EXERCISE: Transcribe the entries below word for word, beginning at the line with "Editor: Here we" and stopping after the line with "Product Name Aluminum"; drop all pictures.

SUPPLIED DATA:
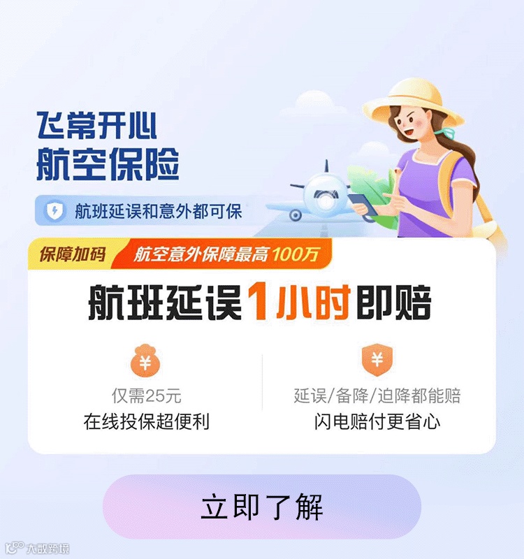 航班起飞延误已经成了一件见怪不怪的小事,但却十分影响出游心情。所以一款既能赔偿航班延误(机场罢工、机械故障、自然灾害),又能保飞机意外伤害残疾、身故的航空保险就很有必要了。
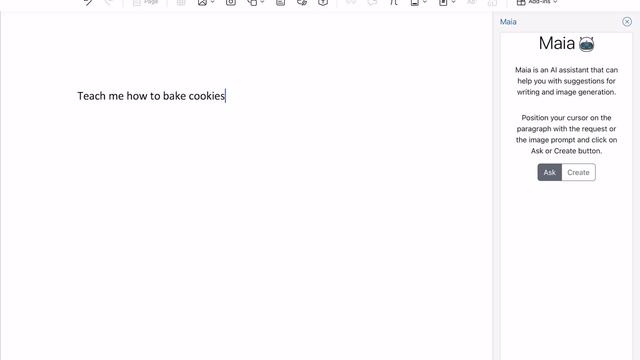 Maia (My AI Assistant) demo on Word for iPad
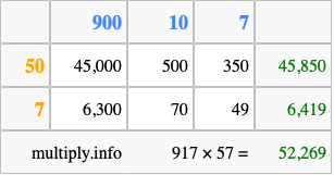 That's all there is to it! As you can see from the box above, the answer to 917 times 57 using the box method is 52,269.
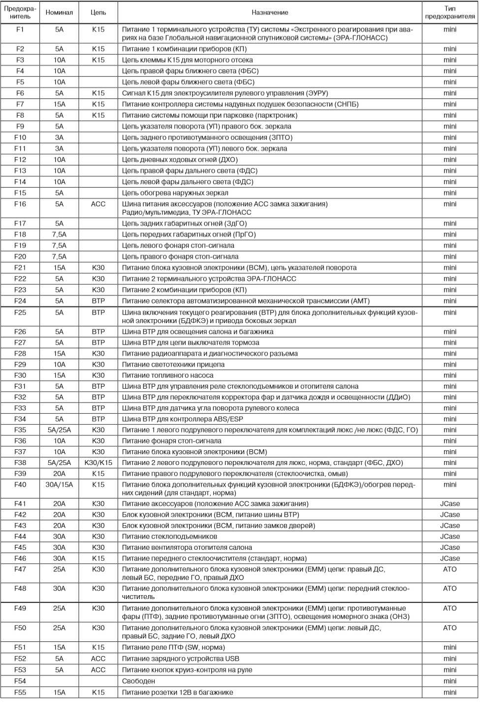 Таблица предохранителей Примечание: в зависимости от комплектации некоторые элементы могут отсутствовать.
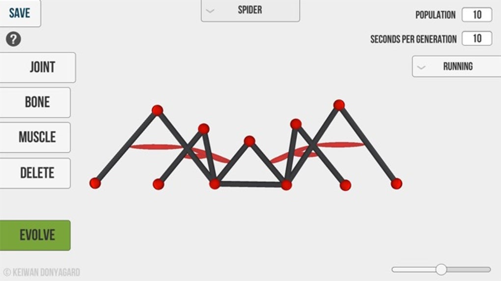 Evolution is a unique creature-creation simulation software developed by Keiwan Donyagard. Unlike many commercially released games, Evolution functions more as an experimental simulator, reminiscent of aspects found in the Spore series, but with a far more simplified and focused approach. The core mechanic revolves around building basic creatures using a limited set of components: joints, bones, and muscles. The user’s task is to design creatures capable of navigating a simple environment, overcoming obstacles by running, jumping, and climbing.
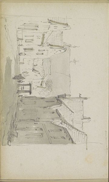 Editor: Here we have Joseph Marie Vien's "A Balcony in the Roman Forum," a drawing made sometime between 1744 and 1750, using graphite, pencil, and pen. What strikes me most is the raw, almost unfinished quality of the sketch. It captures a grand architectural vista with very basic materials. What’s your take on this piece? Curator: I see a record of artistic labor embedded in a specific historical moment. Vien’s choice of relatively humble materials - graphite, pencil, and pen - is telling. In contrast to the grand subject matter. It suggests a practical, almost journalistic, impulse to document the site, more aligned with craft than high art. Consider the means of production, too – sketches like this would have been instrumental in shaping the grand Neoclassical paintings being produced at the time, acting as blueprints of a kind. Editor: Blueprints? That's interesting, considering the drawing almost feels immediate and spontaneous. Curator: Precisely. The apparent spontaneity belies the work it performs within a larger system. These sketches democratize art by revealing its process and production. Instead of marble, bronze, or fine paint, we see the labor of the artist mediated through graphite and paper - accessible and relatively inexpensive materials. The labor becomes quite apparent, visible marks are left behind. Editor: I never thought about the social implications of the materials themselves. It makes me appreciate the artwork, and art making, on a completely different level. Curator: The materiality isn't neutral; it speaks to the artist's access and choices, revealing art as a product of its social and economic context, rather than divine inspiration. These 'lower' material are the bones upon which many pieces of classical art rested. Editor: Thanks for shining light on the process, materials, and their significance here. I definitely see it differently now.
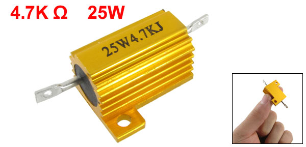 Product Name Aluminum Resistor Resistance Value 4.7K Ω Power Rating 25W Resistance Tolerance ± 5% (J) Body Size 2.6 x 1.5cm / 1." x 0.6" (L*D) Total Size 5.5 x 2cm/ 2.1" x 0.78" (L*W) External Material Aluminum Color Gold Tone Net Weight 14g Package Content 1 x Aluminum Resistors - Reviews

==

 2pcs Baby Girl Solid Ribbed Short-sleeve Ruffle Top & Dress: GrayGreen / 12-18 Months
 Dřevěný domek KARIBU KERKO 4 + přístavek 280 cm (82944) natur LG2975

SOLVED PROBLEM:
 Editor: Here we have Joseph Marie Vien's "A Balcony in the Roman Forum," a drawing made sometime between 1744 and 1750, using graphite, pencil, and pen. What strikes me most is the raw, almost unfinished quality of the sketch. It captures a grand architectural vista with very basic materials. What’s your take on this piece? Curator: I see a record of artistic labor embedded in a specific historical moment. Vien’s choice of relatively humble materials - graphite, pencil, and pen - is telling. In contrast to the grand subject matter. It suggests a practical, almost journalistic, impulse to document the site, more aligned with craft than high art. Consider the means of production, too – sketches like this would have been instrumental in shaping the grand Neoclassical paintings being produced at the time, acting as blueprints of a kind. Editor: Blueprints? That's interesting, considering the drawing almost feels immediate and spontaneous. Curator: Precisely. The apparent spontaneity belies the work it performs within a larger system. These sketches democratize art by revealing its process and production. Instead of marble, bronze, or fine paint, we see the labor of the artist mediated through graphite and paper - accessible and relatively inexpensive materials. The labor becomes quite apparent, visible marks are left behind. Editor: I never thought about the social implications of the materials themselves. It makes me appreciate the artwork, and art making, on a completely different level. Curator: The materiality isn't neutral; it speaks to the artist's access and choices, revealing art as a product of its social and economic context, rather than divine inspiration. These 'lower' material are the bones upon which many pieces of classical art rested. Editor: Thanks for shining light on the process, materials, and their significance here. I definitely see it differently now.
 Product Name Aluminum Resistor Resistance Value 4.7K Ω Power Rating 25W Resistance Tolerance ± 5% (J) Body Size 2.6 x 1.5cm / 1." x 0.6" (L*D) Total Size 5.5 x 2cm/ 2.1" x 0.78" (L*W) External Material Aluminum Color Gold Tone Net Weight 14g Package Content 1 x Aluminum Resistors - Reviews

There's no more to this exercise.